Design and modelling of innovative machinery systems for large ships
Doctoral thesis, 2015
Eighty percent of the growing global merchandise trade is transported by sea. The shipping industry is required to reduce the pollution and increase the energy efficiency of ships in the near future. There is a relatively large potential for approaching these requirements by implementing waste heat recovery (WHR) systems.
Studies of alternative WHR systems in other applications suggests that the Kalina cycle and the organic Rankine cycle (ORC) can provide significant advantages over the steam Rankine cycle, which is currently used for marine WHR.
This thesis aims at creating a better understanding of the Kalina cycle and the ORC in the application on board large ships; the thermodynamic performances of the mentioned power cycles are compared. Recommendations of suitable system layouts and working fluids for the marine applications are provided along with methodologies useful for the design and optimisation of the main engine and WHR system combined cycle.
Numerical models of a low-speed two-stroke diesel engine, turbochargers, and the mentioned types of WHR systems in various configurations, are used to achieve the mentioned objectives.

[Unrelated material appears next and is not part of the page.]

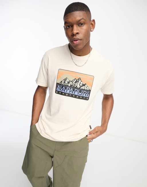 Napapijri Hello chest print t-shirt in off white Exclusive at ASOS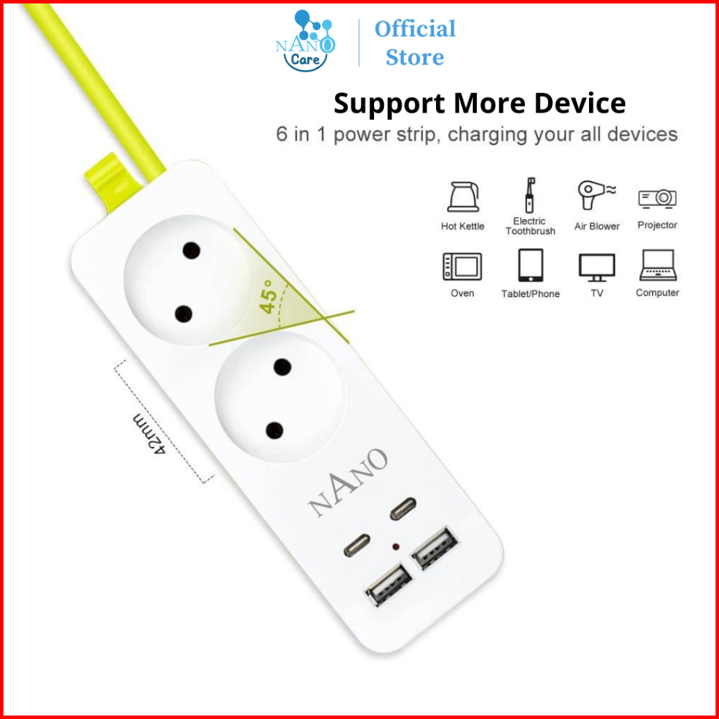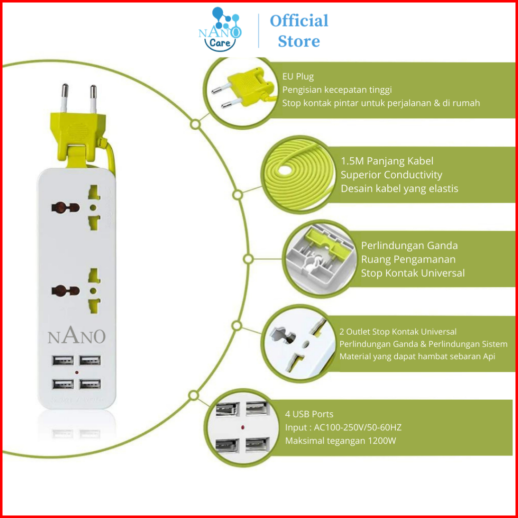 Nano Care Stop Kontak Traveling 2 Lubang Saklar 4 Port Usb 2 Lubang Saklar 2 Port Usb 2type C

The main engine is simulated using a zero-dimensional model consisting of a two-zone combustion and NOx emission model, a double Wiebe heat release model, the Redlich-Kwong equation of state and the Woschni heat loss correlation. A novel methodology is presented and used to determine the optimum organic Rankine cycle process layout, working fluid and process parameters for marine WHR. Using this mentioned methodology, regression models are derived for the prediction of the maximum obtainable thermal efficiency of ORCs. A unique configuration of the Kalina cycle, the Split-cycle, is analysed to evaluate the fullest potential of the Kalina cycle for the purpose. Integrated with three main engine waste heat streams, the Kalina cycle, the ORC and a dual-pressure steam cycle are compared with regards to the power outputs and other aspects. The part-load performances of four different WHR system configurations, including an exhaust gas recirculation system, are evaluated with regards to the fuel consumption and NOx emissions trade-off.

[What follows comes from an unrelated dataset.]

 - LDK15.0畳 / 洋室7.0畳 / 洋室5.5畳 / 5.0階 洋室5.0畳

The results of the calibration and validation of the engine model suggest that the main performance parameters can be predicted with adequate accuracies for the overall purpose. The results of the ORC and the Kalina cycle optimisation efforts indicate that both cycles can achieve higher power outputs than the steam cycle; however, the results suggest that for the Kalina cycle to achieve such high power outputs, a relatively complex process layout and high working pressures are required. Conversely, the ORC can achieve superior power outputs with a much simpler process layout in comparison. The toxic ammonia-water working fluid of the Kalina cycle is problematic for the use in marine machinery rooms, and so are the highly flammable ORC working fluids.
Based on the analyses, no configuration of the Kalina cycle is recommended for marine WHR. An exhaust gas power turbine is recommended as an initial WHR system investment due its cost-effectiveness. For large ships, a dual-pressure steam cycle is recommended because it is well-known, proven, highly efficient and environmentally benign. The ORC is recommended for large and medium size ships and it is recommended to use the highly flammable working fluids and take the needed precautions. The main reasons are that the ORCs can achieve superior efficiencies with a simple process that can be operated fully automated. For the same reasons a WHR system consisting of a hybrid turbocharger and a recuperated ORC is recommended.